The first song of greeting that Bob and Louise, our Maori hosts, chose to sing mentioned a god. I asked whether that was the Christian God or a / the Maori god. It turned out to be the Christian God, which, they told me, didn’t interfere with their Maori culture. Maori lore included creationism and there was no reason to believe that the Christian God couldn’t be their creator.
That begged the question of whether everyone in their tribes was Christian, and they started listing off the religions other family members subscribed to — Mormon, Seventh Day Adventists, Muslim. Everyone was different and that was acceptable. After all, it was all the same God. That made a lot more sense to me than the idea that unless you follow a particular flavour of Christianity, you’ll go to an eternal hell. Louise told us that each person chose a religion based on whatever gave them most comfort in their particular time of need.
For many of them, I guess that is when they lose a loved one, and although they look to different religions, the tribe still celebrates death in the traditional way.
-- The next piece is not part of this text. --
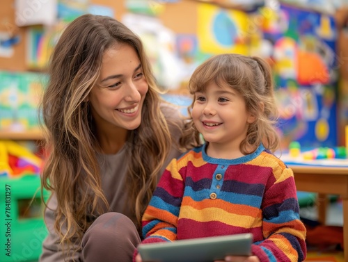 Fotografia de uma professora sorrindo ao lado de crianças da escola, transmitindo alegria e carinho. Esta imagem captura o vínculo especial entre educadores e alunos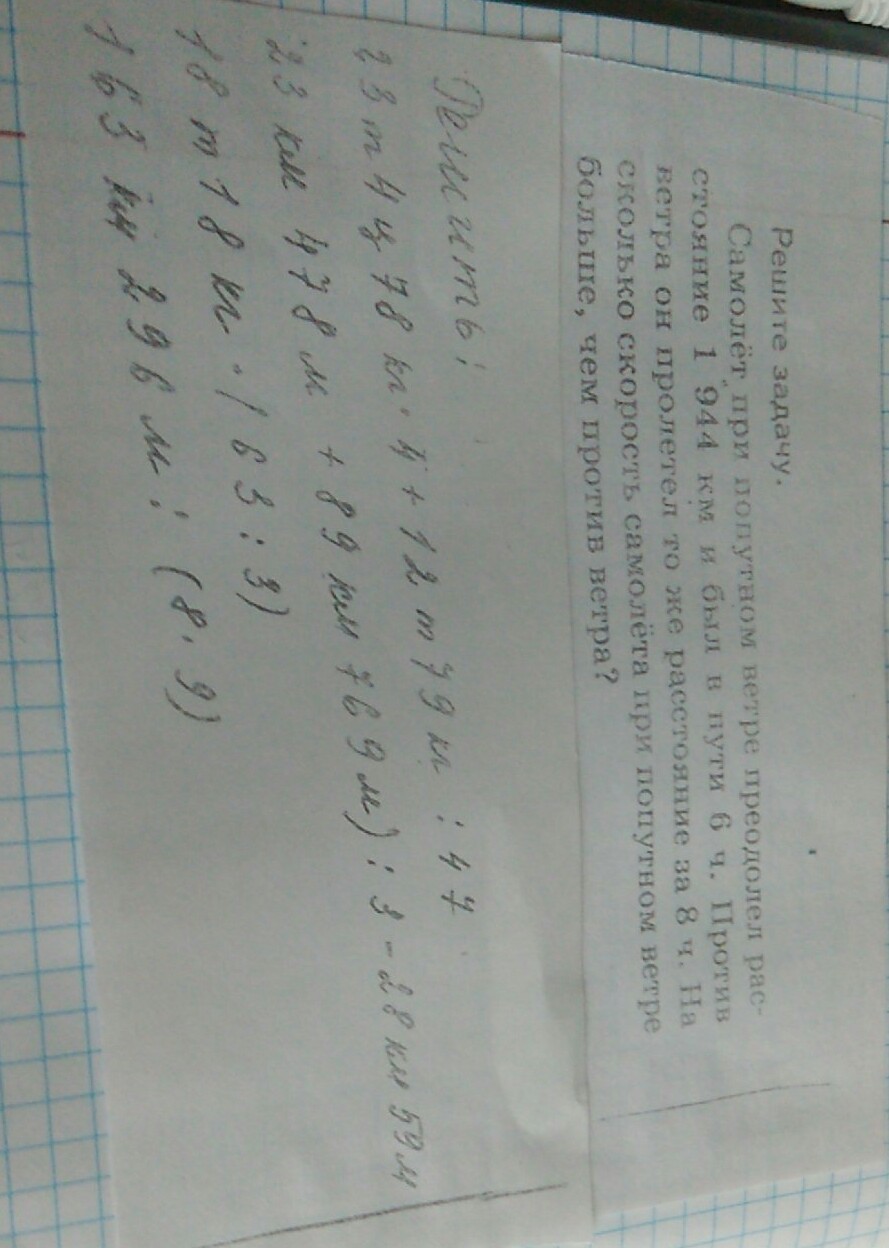 1944км:8ч=243 км/час скорость самолета при встречном ветре

Family and friends gather around the body in the marae and tell each other stories of their memories. To hear Bob and Louise describe it, there is a lot of laughter and people can get quite cheeky, especially since it’s the last opportunity to get back the chain saw they lent the deceased (to which a son might respond that they thought it was the chain saw he himself had lent last year). Once the stories are all told, which may be days later, the body is rowed across the inlet and carried up to the cemetery.
We visited Bob’s family cemetery, which only began three or four generations ago. Prior to that, Maoris wrapped the bodies in mats, placed them from trees until the flesh had rotted away, then cleaned the bones and placed them in a cave. Like many cemeteries, theirs perched on a hill overlooking the ocean and was full of tombstones. The newer graves were decorated with flowers and toys or useful items. A few items made it further up the hill, as if blown, but Louise suggested that some were poached from other graves by visitors who’d forgotten to bring something themselves.
Like my own culture, graves faced east. People who’d been troublemakers in life were still buried here, but were placed facing the opposite way or even buried standing up so they’d never get any rest.